===== Source material =====

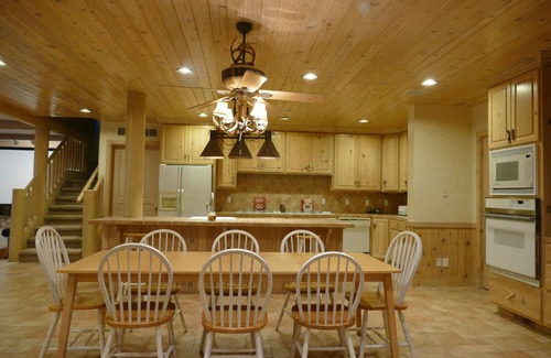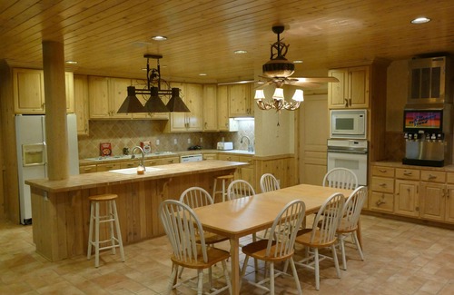 Sleeps 25 + All bedrooms are oversized with extra large closets. Open Floor Plan and more!!!. Large Living rec room, with huge theater, billiards table and several sofa/futon sleepers and bean bags for kids. Game room with toys and games for all ages. Soda Fountain with loads of sodas, keuring with k-pods next to the dining table that seats 10, with 2nd & 3rd tables each 6-8 more, several bar stools, more tables and chairs available for larger gatherings. enough for 30+
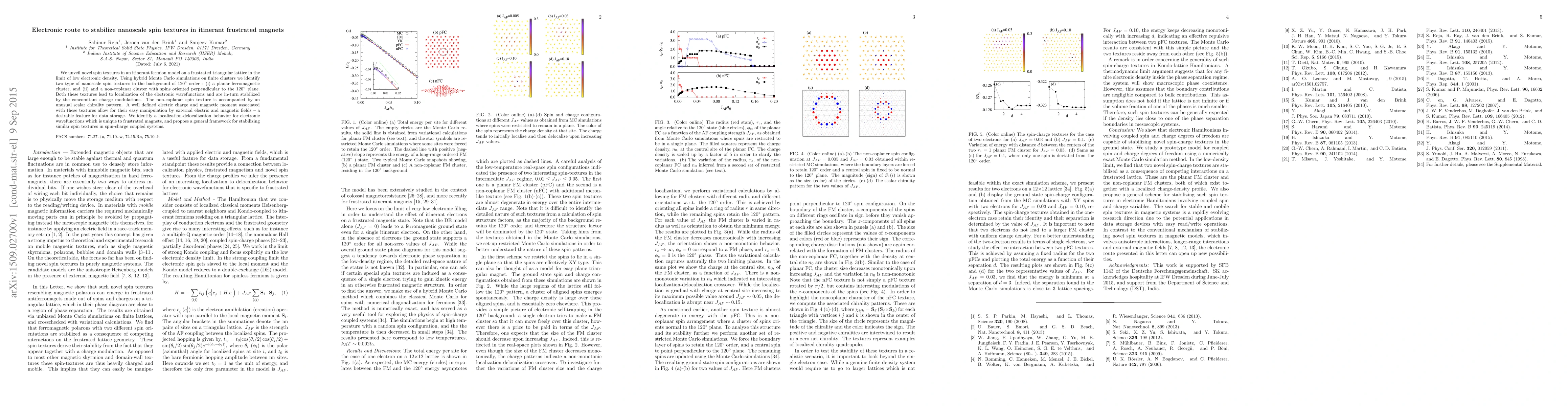 This paper explores novel nanoscale spin textures in itinerant frustrated magnets on a triangular lattice, identifying two types: planar ferromagnetic and non-coplanar clusters. These textures stabilize electronic wavefunctions via charge modulations and can be manipulated by electric and magnetic fields, offering potential for data storage.
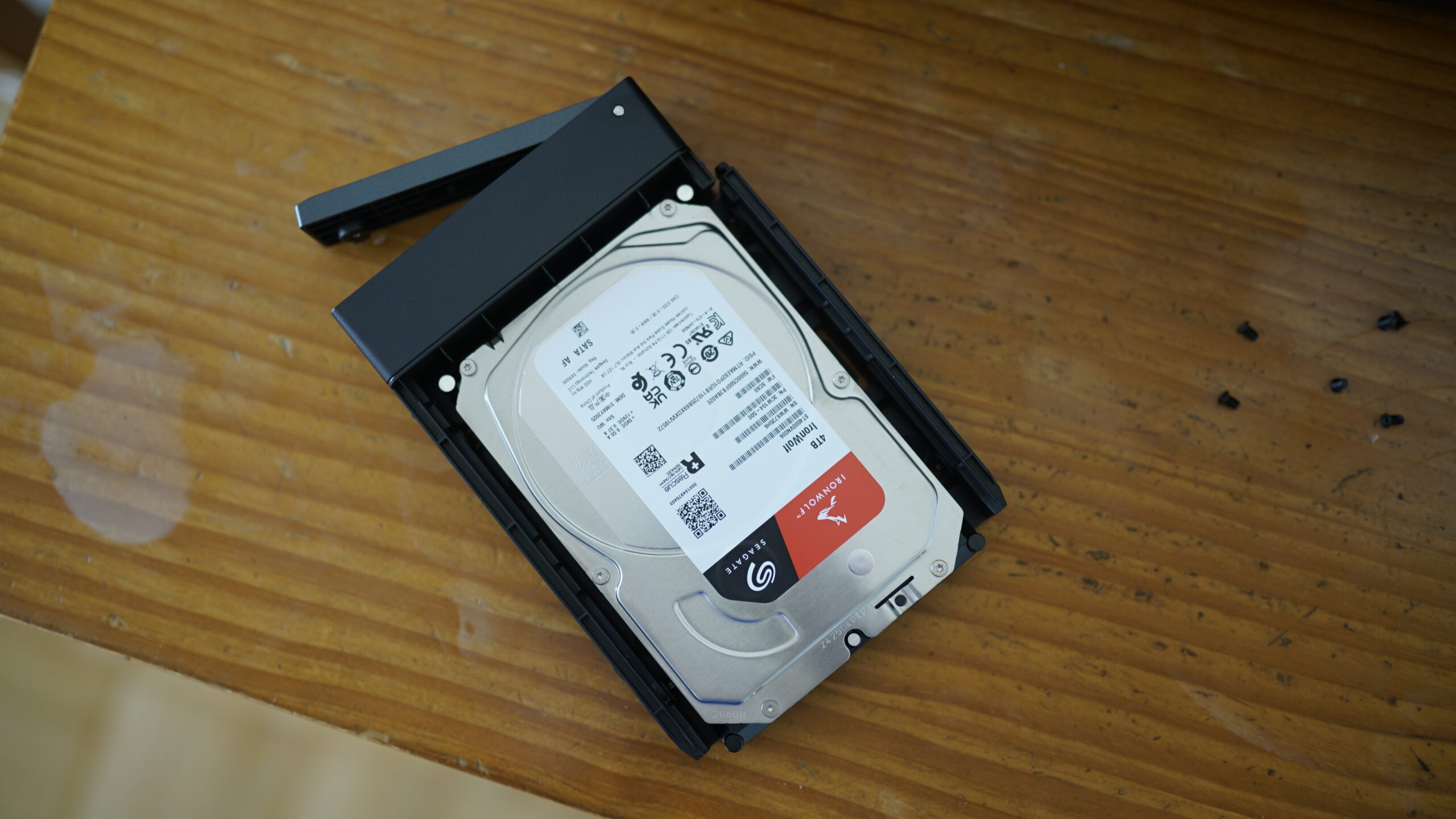 Die HDD-Einschübe auf der Vorderseite können ganz einfach herausgenommen werden und auch das Einlegen der Festplatten ist hier besonders intuitiv gelöst. Für HDDs mit 3,5 Zoll benötigt ihr nicht einmal einen Schraubendreher. Ihr legt einfach die Festplatte in den Schlitten, führt die dafür vorgesehene Mechanik zusammen, die dann hörbar einrastet, und das war es auch schon. Zehn Sekunden pro Festplatte dauert das ungefähr.
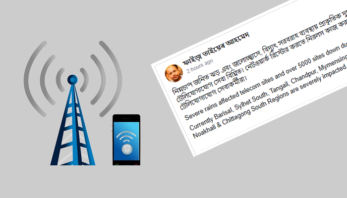 বিদ্যুৎ সরবরাহব্যবস্থায় প্রাকৃতিক দুর্যোগের প্রভাবে সারা দেশে টেলিযোগাযোগসেবা বিঘ্নিত হচ্ছে। বিদ্যুৎ বিভ্রাটের ফলে পাঁচ হাজারের বেশি বেজ ট্রান্সসিভার স্টেশন (বিটিএস)
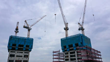 construction tower cranes are building new apartment buildings in a residential area of the metropolis
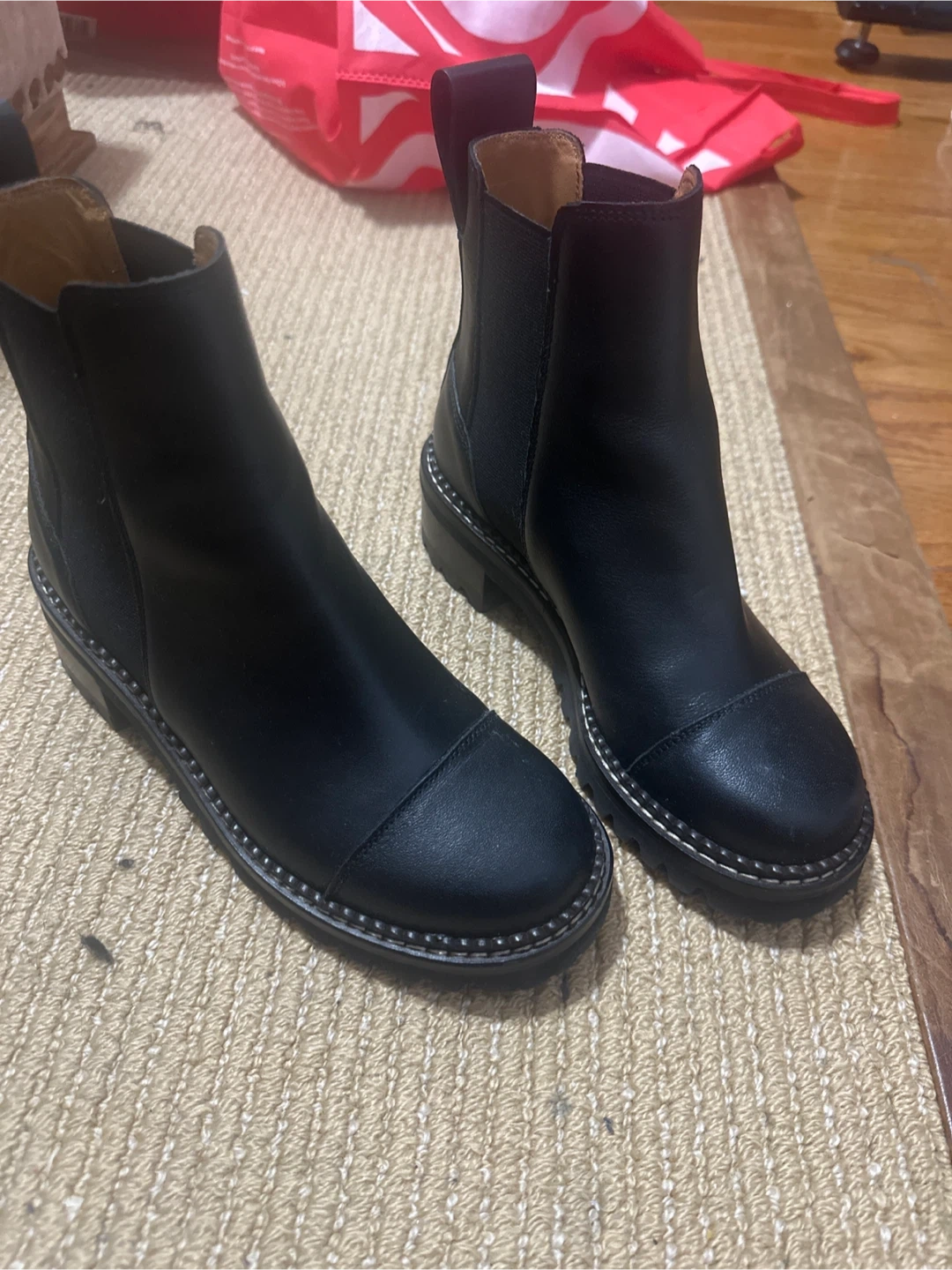 These are a pair of See By Chloé black leather ankle boots in great condition! They are a size 35 which is equivalent to a US size 5 The boots feature a stylish design and are made from high-quality leather. Perfect for adding a touch of chic to any outfit! Purchased at Saks Fifth Avenue
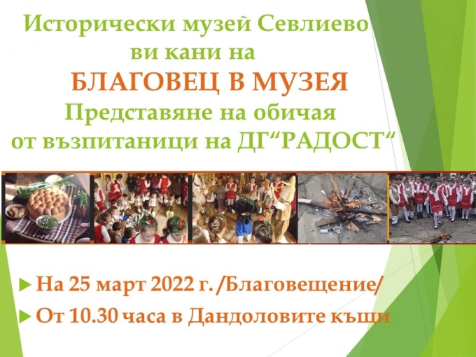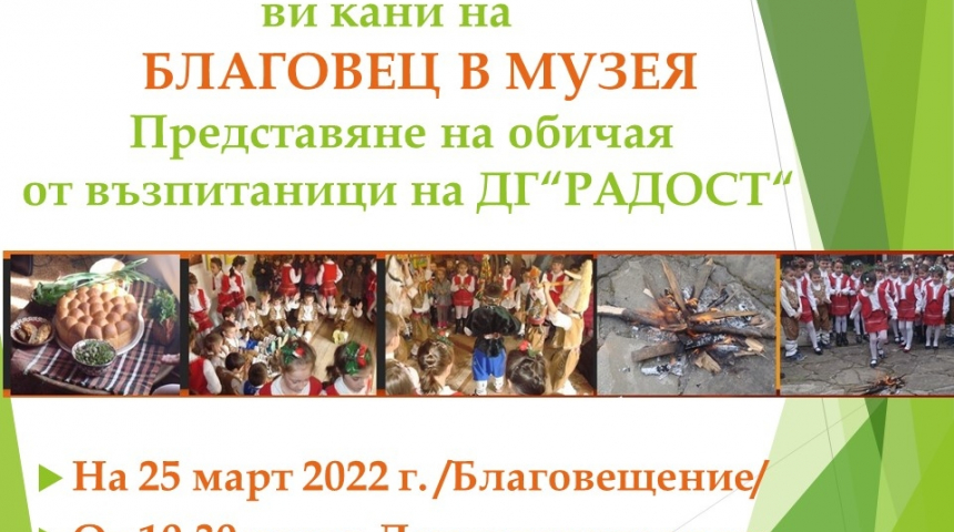 Традиционно на Благовещение деца представят възстановка на обичая. Заради ограниченията покрай пандемията с Ковид-19 възстановките бяха преустановени, но утре, на 25 март, от 10.30 ч. в комплекс "Дандолови къщи", всеки който желае, може да види от първо лице как старите българи са почитали Благовец чрез възстановката на малчуганите от детска градина "Радост".

=====

:: Problem description ::
Copy the records above exactly. Do not carry any picture into the copy.

:: Exercise output ::
 Sleeps 25 + All bedrooms are oversized with extra large closets. Open Floor Plan and more!!!. Large Living rec room, with huge theater, billiards table and several sofa/futon sleepers and bean bags for kids. Game room with toys and games for all ages. Soda Fountain with loads of sodas, keuring with k-pods next to the dining table that seats 10, with 2nd & 3rd tables each 6-8 more, several bar stools, more tables and chairs available for larger gatherings. enough for 30+
 This paper explores novel nanoscale spin textures in itinerant frustrated magnets on a triangular lattice, identifying two types: planar ferromagnetic and non-coplanar clusters. These textures stabilize electronic wavefunctions via charge modulations and can be manipulated by electric and magnetic fields, offering potential for data storage.
 Die HDD-Einschübe auf der Vorderseite können ganz einfach herausgenommen werden und auch das Einlegen der Festplatten ist hier besonders intuitiv gelöst. Für HDDs mit 3,5 Zoll benötigt ihr nicht einmal einen Schraubendreher. Ihr legt einfach die Festplatte in den Schlitten, führt die dafür vorgesehene Mechanik zusammen, die dann hörbar einrastet, und das war es auch schon. Zehn Sekunden pro Festplatte dauert das ungefähr.
 বিদ্যুৎ সরবরাহব্যবস্থায় প্রাকৃতিক দুর্যোগের প্রভাবে সারা দেশে টেলিযোগাযোগসেবা বিঘ্নিত হচ্ছে। বিদ্যুৎ বিভ্রাটের ফলে পাঁচ হাজারের বেশি বেজ ট্রান্সসিভার স্টেশন (বিটিএস)
 construction tower cranes are building new apartment buildings in a residential area of the metropolis
 These are a pair of See By Chloé black leather ankle boots in great condition! They are a size 35 which is equivalent to a US size 5 The boots feature a stylish design and are made from high-quality leather. Perfect for adding a touch of chic to any outfit! Purchased at Saks Fifth Avenue
 Традиционно на Благовещение деца представят възстановка на обичая. Заради ограниченията покрай пандемията с Ковид-19 възстановките бяха преустановени, но утре, на 25 март, от 10.30 ч. в комплекс "Дандолови къщи", всеки който желае, може да види от първо лице как старите българи са почитали Благовец чрез възстановката на малчуганите от детска градина "Радост".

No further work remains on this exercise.